Alongside the Regional Economic Communities, the African Continental Free Trade Area (AfCFTA) aims to boost preferential trade in goods and services, economic development and industrialisation.
The continental free trade area is established on an Agreement that provides for several Protocols, including, Trade in Goods, Trade in Services, Investment, Intellectual Property Rights, Competition Policy, Digital Trade, and Women and Youth in Trade.
The AfCFTA agreement entered into force on 30 May 2019, but negotiations are incomplete.
The AfCFTA negotiations take place in phases.
- Phase I covers trade in goods and services and dispute settlement.
- Phase II covers intellectual property rights, investment, and competition policy.
- Phase III covers digital trade and women and youth in trade.
Where does the AfCFTA stand in December 2022?
The outstanding matters for Phase I are tariff schedules, rules of origin, the Trade Remedy Guidelines, and services commitments for the five priority sectors for liberalisation. The five sectors are transport, communication, financial, tourism and business services.
The negotiations to conclude the outstanding Protocols of Phase II are reportedly well advanced. These negotiations got disrupted by the Covid-19 pandemic. The negotiations are steered by the AfCFTA Council of Ministers and the committee of Senior Trade Officials, with the assistance of the AfCFTA Secretariat.
AfCFTA outcomes and challenges
It is still too early to know the outcomes of the AfCFTA. The 54 participating countries haven’t agreed on the liberalisation of 90% of all tariff lines. Also, the countries are yet to adopt rules of origin for all the relevant products.
In October 2022, the AfCFTA Secretariat launched the Guided Trade Initiative (GTI) for a limited number of products. The GTI involved eight countries and aimed to:
- Test the readiness of participating State Parties under the AfCFTA
- Demonstrate that the AfCFTA trading documents are operational and viable
- Confirm that the Customs and Revenue Authorities of the participating countries are ready to process imports and exports.
The GTI for trade in services will happen in 2023. It will involve State Parties that have adopted schedules of specific services commitments. Countries must indicate the sectors or sub-sectors in which they want to start trading in services and with which countries.
Why does it take so long to finalise the AfCFTA legal instruments?
Economic integration among 54 very diverse countries can be challenging. Africa has the highest number of Least Developed Countries in the world, and many are land-locked or island economies. Some participating countries are concerned about revenue losses when trade in goods is liberalised. Others want to protect domestic industries and local employment.
Also, the outcomes of all negotiations must be adopted through consensus and provide for reciprocity. This will tend to push outcomes to the lowest common denominator. All African Union member states ( including those that haven’t ratified the AfCFTA Agreement) participate in the outstanding negotiations.

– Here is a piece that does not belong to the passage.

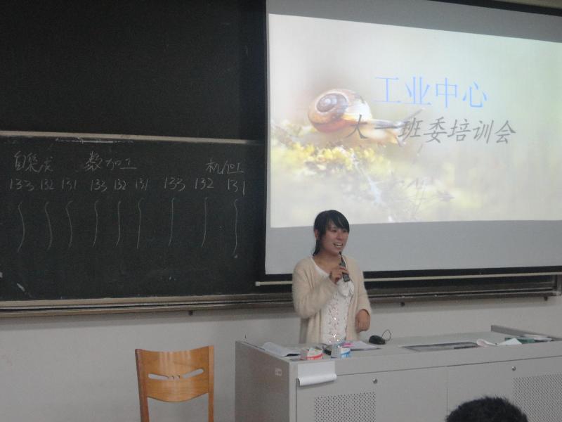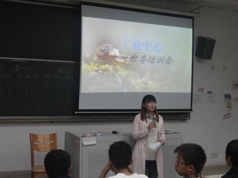 10月30日,工业中心在东C301举行2013级班委培训班,邀请了“江苏省三好学生”刘婷、“江苏省优秀学生干部”徐永赛作为优秀班委代表向大一班委传授经验。

The launch of the AfCFTA negotiations has contributed to the renewed interest in Africa by the global community.
In November, the labour movement in Africa issued a declaration calling for the inclusion of labour provisions in the AfCFTA agreement.
“As workers’ organisations, our expectations are that economic transformation will be the basis for sustainable economic development to reverse decades of de-industrialisation and jobless growth to which Africa’s economies have been subjected and create expanded opportunities for decent work and the means of livelihood for our people.”
“The specific interests of workers, women, the youth and other vulnerable groups have not been reflected in the basic design of these protocols, and it is not clear how the belated on-going attempts to fashion protocols on youth and gender can effectively redress the inherent design flaws.”